Phase 2 Trial of Topical Thykamine in Adults With Mild to Moderate Atopic Dermatitis

Background: Atopic dermatitis is a common skin disorder for which there remains an unmet need for topical pharmacotherapies that are safe and effective. This phase 2 study assessed the efficacy and safety of 3 dosages of PUR 0110 (Thykamine; Devonian Health Group Inc.) cream (0.05%, 0.1%, and 0.25%) compared to vehicle for treatment of adults with mild to moderate atopic dermatitis. The primary efficacy endpoint was the proportion of patients with an Investigator's Global Assessment (IGA) of clear/almost clear and with a decrease from baseline score of at least 2 grades at day 29. Key secondary efficacy endpoints included change from baseline to day 29 in IGA, percent body surface area (%BSA) affected, Eczema Area and Severity Index (EASI) score, pruritus, and quality of life.
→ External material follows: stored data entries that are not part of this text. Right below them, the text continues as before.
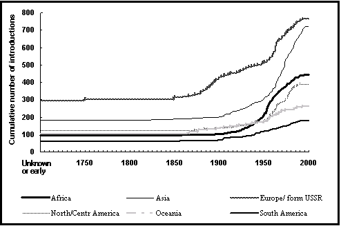 La figura 8 muestra una curva acumulativa del número de introducciones en agua dulce por zona continental FAO y por año. Las introducciones de fecha desconocida han sido contabilizadas con las introducciones anteriores al siglo XVIII, no solamente para mostrar la magnitud de estas introducciones desconocidas, sino también para incluirlas en el recuento total. Como muestra el gráfico, Europa y la ex-URSS suman en conjunto la mayoría de introducciones de peces de agua dulce, y América del Sur la minoría. El gráfico muestra también una aceleración de las introducciones en Asia desde los años 1960 hasta 1980, debido a la expansión de la acuicultura en esta región.
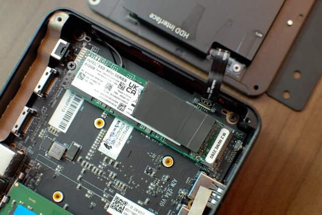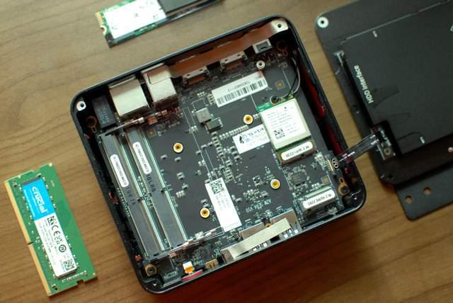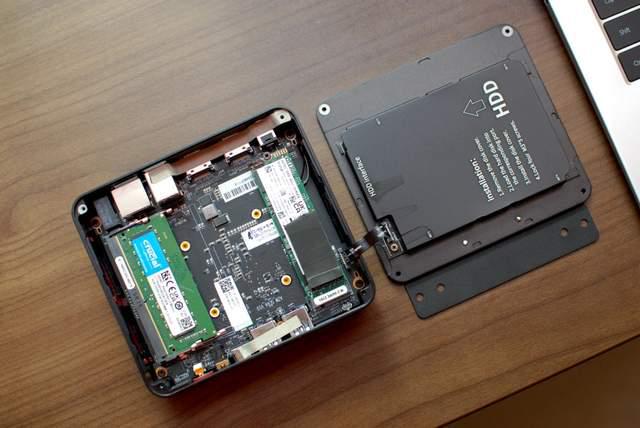 SER4 小型PC的内部结构在零时显示,底盘后面有2个。有5英寸的硬空间,因此我们可以增加2.5英寸的SSD或机械硬盘来进行扩展。
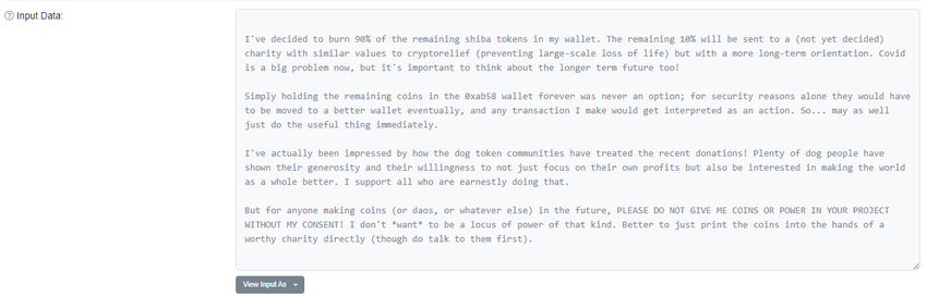 Vitalik Buterin đã burn 90% số token của Shiba Inu thuộc quyền sở hữu của mình. Thông tin dựa theo dữ liệu giao dịch của Ethereum.
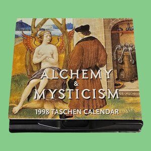This is a brand day to day, tear off desk calendar from 1998. 1998 has the same calendar days of the week as 2026, so it can be used this coming year! (But please note that the holidays may not line up perfectly as some are different every year.) This particular piece is a Taschen publication of "Alchemy & Mysticism". Each page has a piece of art related to the theme with an explanation next to it. The calendar comes with an easel on the back so it can stand. The pages measure about 5.25" wide and 4.5" tall.
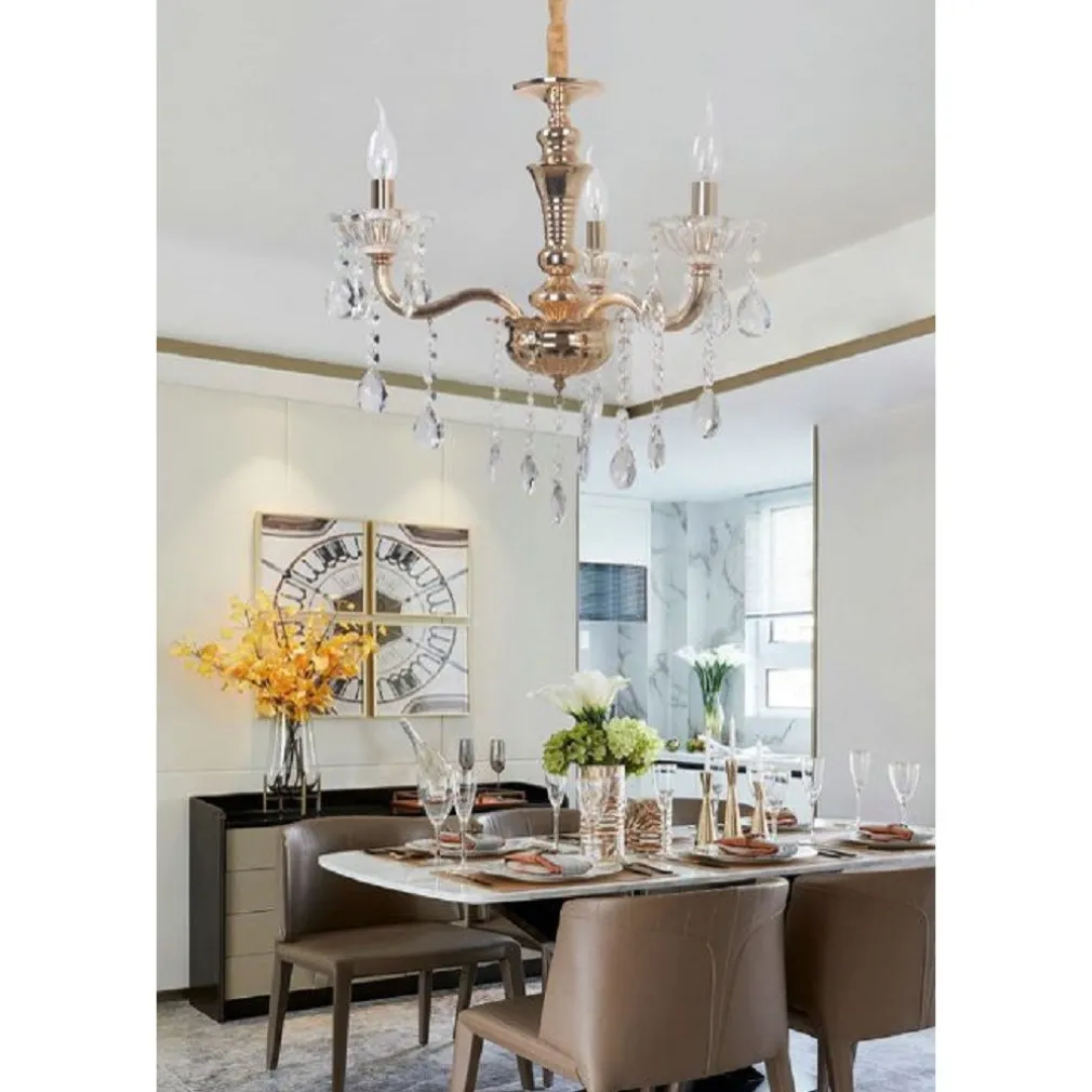 Lampadario da soffitto a 3 braccia impreziosito da gocce pendenti in acrilico che catturano e riflettono la luce offrendo un magnifico gioco di colori. Dotato di tre portalampada con attacco e14 (lampadine non incluse). Grazie al suo design regale, è perfetto per il vostro ingresso, sala da pranzo, soggiorno e altro ancora. Disponibile in due diverse colorazioni, oro o argento.

Safety outcomes included the incidence of local and systemic adverse events. The primary efficacy endpoint was met with PUR 0110 cream 0.10% compared to vehicle (30.8% vs 6.7%, respectively, P=.014). Most secondary endpoints also favored PUR 0110 cream 0.10% vs vehicle, including change from baseline to day 29 in IGA score, %BSA affected, pruritus, and patient-reported quality of life. Adverse events occurred at a similar rate in all treatment groups; most were mild to moderate in intensity and were infrequently associated with study withdrawal. PUR 0110 cream 0.10% demonstrated rapid improvement in signs and symptoms of atopic dermatitis. This observation, along with its favorable safety and tolerability profile, could make it a useful therapeutic option for the treatment of atopic dermatitis.